Pada umumnya, para ekonom tidak menambhakan kegiatan ekonomi ilegal ke dalam nilai produk nasional., karena sudah ada kesepakatan bahwa kegiatan ini merupakan kegiatan yang buruk dari segi sosial.
Kegiatan informal lainnya seperti yang dilakukan oleh pedagang kaki lima, tukang bakso, tukang tambal dan sebagainya menghasilkan output yang sangat berguna dan bernilai jual namun tidak diamsukkan dalam perhitungan produksi nasional karena kegiatan usahanya tidak tercatat secara resmi oleh pemerintah.

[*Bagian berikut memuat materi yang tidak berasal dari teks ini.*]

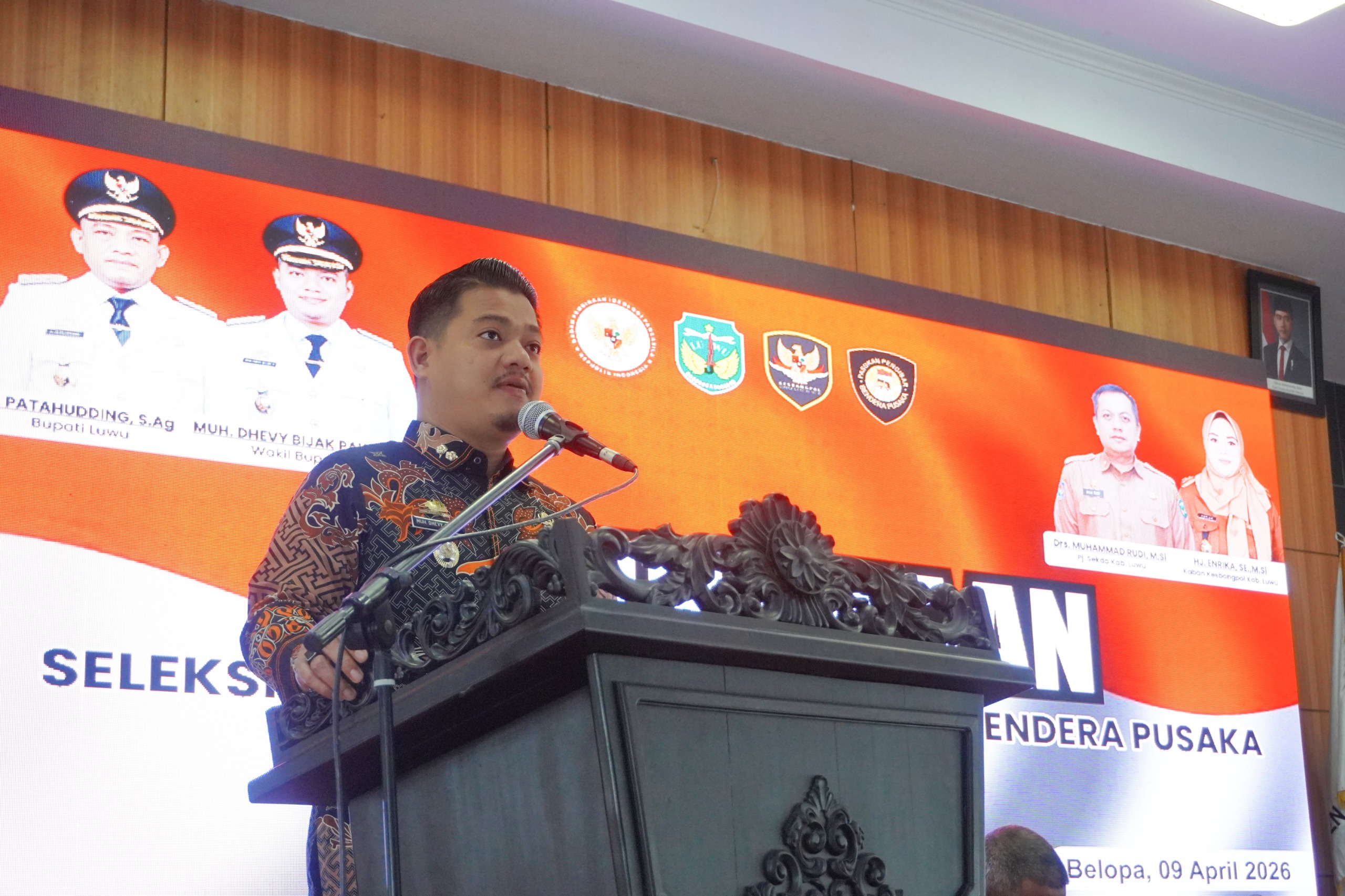 LUWU — Wakil Bupati Luwu, Muh. Dhevy Bijak Pawindu, membuka kegiatan Seleksi Calon Pasukan Pengibar Bendera Pusaka (Paskibraka) Tingkat Kabupaten Luwu Tahun 2026 di Ruang Pola Andi Kambo, Kantor Bupati Luwu, Kamis (9/4/2026).

Sebagai konsekuensinya, laju pertumbuhan GNP riil akan lebih rendah dari sebenarnya.
- Koreksi Negatif
Koreksi negatif berkaitan dengan masalah kerusakan lingkungan (eksternalitas negatif) yang ditimbulkan oleh kegiatan- kegiatan di sektor produktif. Koreksi negatif mempertimbangkan biaya-biaya sosial (sosial cost) yang ditimbulkan oleh kegiatan- kegiatan ekonomi. Misalnya adanya proyek pembangunan perumahan. Proyek pembangunan prumahan selain membawa hasil yang negatif berupa polusi dan kerusakan sistem tanah. Hasil negatif tersebut menggambarkan biaya-biaya sosial yang ditimbulkan oleh proyek pembangunan perumahan. Oleh karena itu, nilai GNP hrus dikoreksi dengan cara mengurangi GNP tersebut dengan biaya-biaya sosial yang dikeluarkan untuk memperoleh NEW.